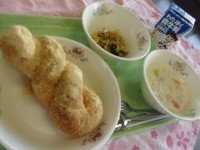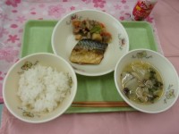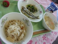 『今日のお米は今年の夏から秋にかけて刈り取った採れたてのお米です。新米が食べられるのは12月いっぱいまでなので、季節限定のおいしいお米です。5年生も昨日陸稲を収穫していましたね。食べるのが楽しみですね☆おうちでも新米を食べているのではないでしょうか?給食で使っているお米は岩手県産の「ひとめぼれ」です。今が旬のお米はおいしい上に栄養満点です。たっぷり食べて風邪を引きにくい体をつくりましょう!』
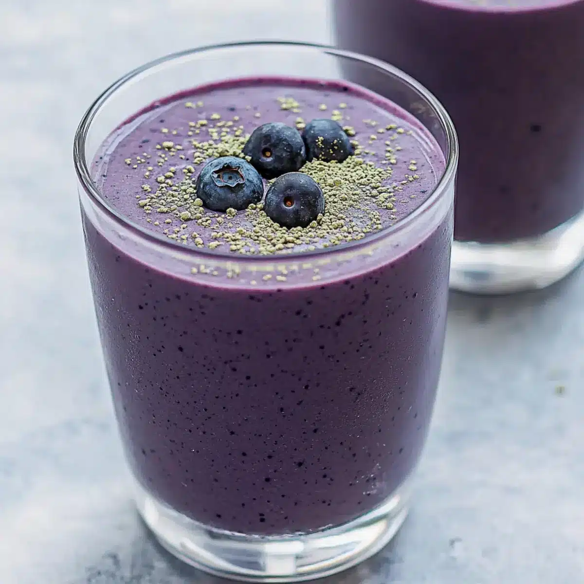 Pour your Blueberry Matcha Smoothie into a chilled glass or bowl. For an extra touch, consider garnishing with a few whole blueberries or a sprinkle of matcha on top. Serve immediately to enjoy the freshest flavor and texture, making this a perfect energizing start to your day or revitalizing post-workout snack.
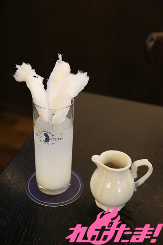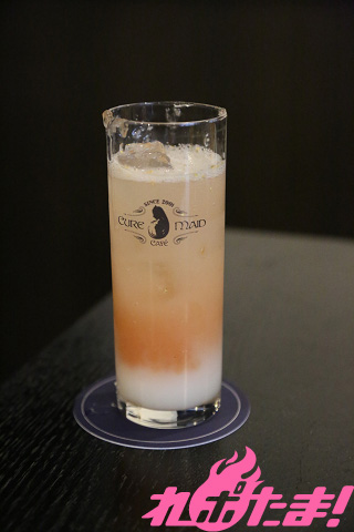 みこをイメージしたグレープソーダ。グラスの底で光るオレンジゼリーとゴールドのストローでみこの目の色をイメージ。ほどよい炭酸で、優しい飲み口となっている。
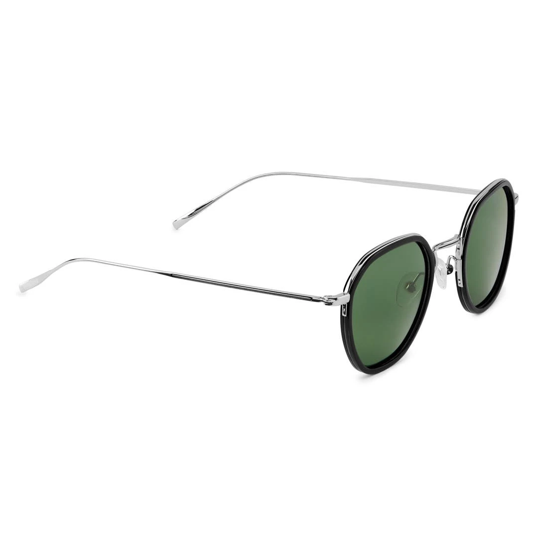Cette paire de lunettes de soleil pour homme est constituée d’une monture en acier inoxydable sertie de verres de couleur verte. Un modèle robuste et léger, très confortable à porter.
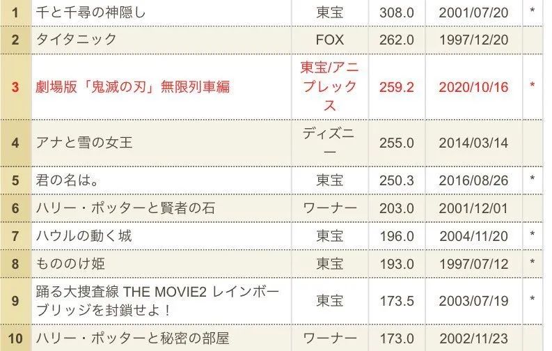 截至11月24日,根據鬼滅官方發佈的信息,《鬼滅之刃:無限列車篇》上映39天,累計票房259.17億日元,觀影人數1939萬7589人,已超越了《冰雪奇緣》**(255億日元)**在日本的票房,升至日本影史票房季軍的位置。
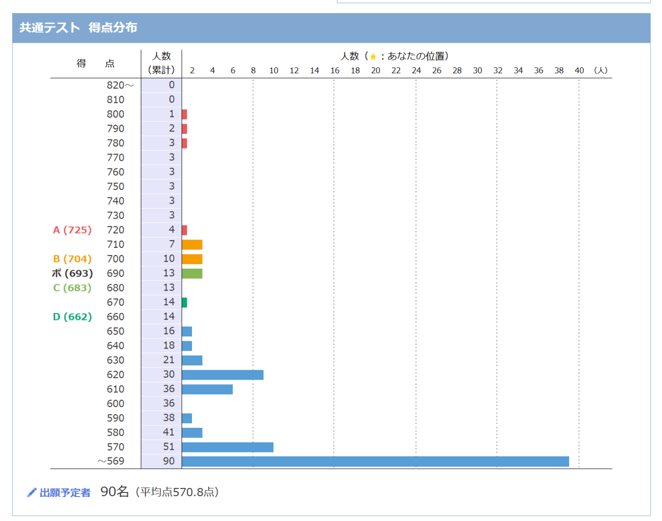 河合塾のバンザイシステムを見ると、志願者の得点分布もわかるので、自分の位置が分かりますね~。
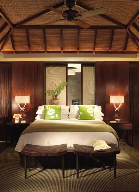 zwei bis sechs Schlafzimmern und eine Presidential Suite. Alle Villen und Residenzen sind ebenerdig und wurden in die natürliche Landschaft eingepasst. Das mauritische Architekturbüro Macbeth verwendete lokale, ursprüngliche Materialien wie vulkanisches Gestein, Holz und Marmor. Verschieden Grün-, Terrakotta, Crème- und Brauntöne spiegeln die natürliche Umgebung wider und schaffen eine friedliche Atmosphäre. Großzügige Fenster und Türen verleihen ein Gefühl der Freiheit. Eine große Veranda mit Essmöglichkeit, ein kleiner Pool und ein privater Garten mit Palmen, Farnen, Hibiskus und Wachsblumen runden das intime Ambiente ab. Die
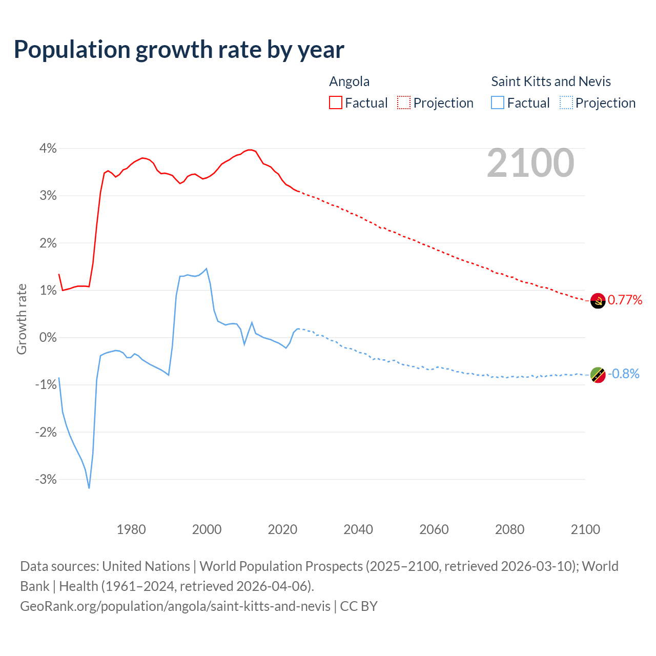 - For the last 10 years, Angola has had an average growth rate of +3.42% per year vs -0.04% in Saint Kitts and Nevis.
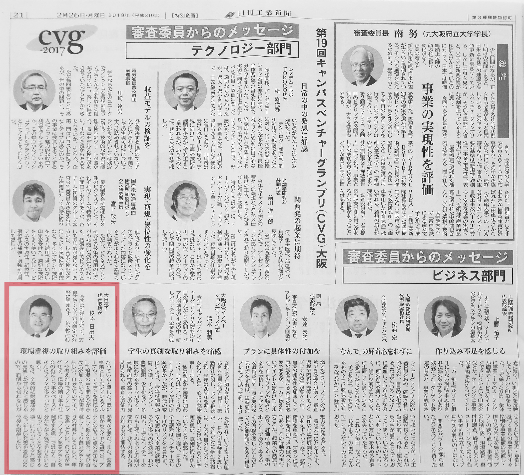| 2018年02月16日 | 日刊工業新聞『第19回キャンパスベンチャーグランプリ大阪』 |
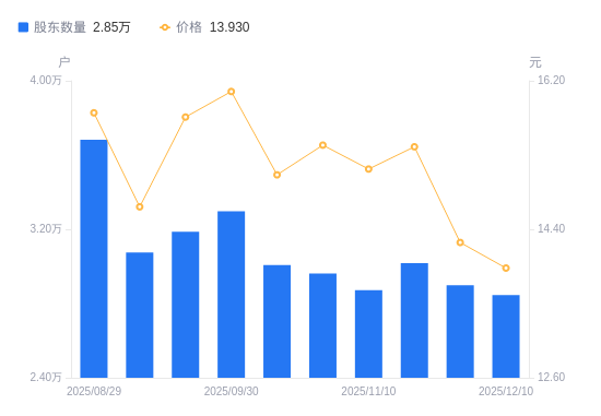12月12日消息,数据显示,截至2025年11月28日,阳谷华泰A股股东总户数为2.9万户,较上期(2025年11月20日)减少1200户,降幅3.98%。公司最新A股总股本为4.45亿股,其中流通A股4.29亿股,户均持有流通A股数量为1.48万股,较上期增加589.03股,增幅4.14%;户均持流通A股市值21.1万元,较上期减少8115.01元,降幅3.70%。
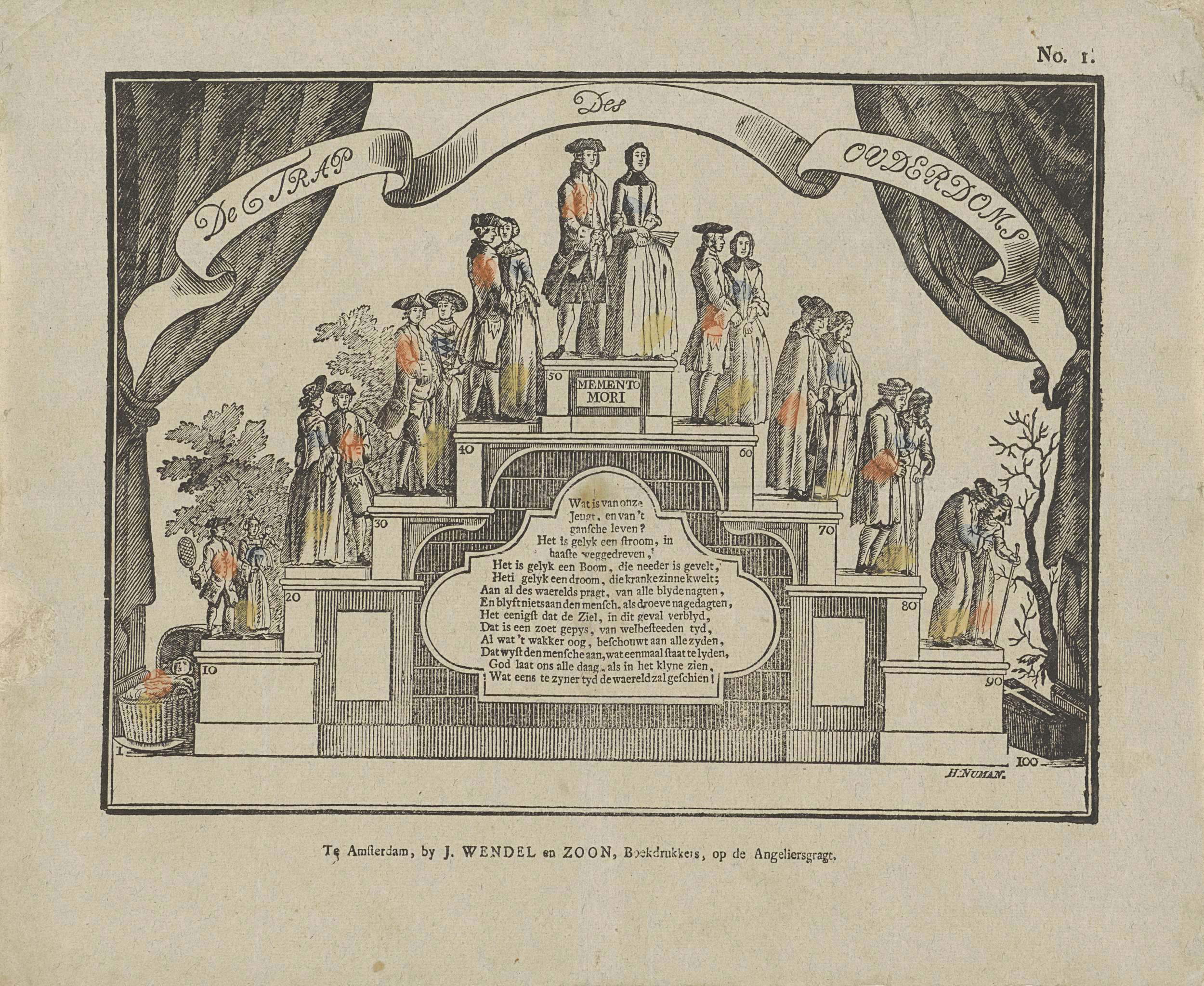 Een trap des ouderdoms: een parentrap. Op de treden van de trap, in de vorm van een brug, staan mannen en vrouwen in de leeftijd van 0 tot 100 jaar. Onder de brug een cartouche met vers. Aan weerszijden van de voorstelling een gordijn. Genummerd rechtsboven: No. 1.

§ §

▸ **Work task**:
Skipping every picture, transcribe exactly the lines above from the one containing "みこをイメージしたグレープソ" through the one containing "河合塾のバンザイシステムを見", both included.

▸ **Solution to this task**:
 みこをイメージしたグレープソーダ。グラスの底で光るオレンジゼリーとゴールドのストローでみこの目の色をイメージ。ほどよい炭酸で、優しい飲み口となっている。
Cette paire de lunettes de soleil pour homme est constituée d’une monture en acier inoxydable sertie de verres de couleur verte. Un modèle robuste et léger, très confortable à porter.
 截至11月24日,根據鬼滅官方發佈的信息,《鬼滅之刃:無限列車篇》上映39天,累計票房259.17億日元,觀影人數1939萬7589人,已超越了《冰雪奇緣》**(255億日元)**在日本的票房,升至日本影史票房季軍的位置。
 河合塾のバンザイシステムを見ると、志願者の得点分布もわかるので、自分の位置が分かりますね~。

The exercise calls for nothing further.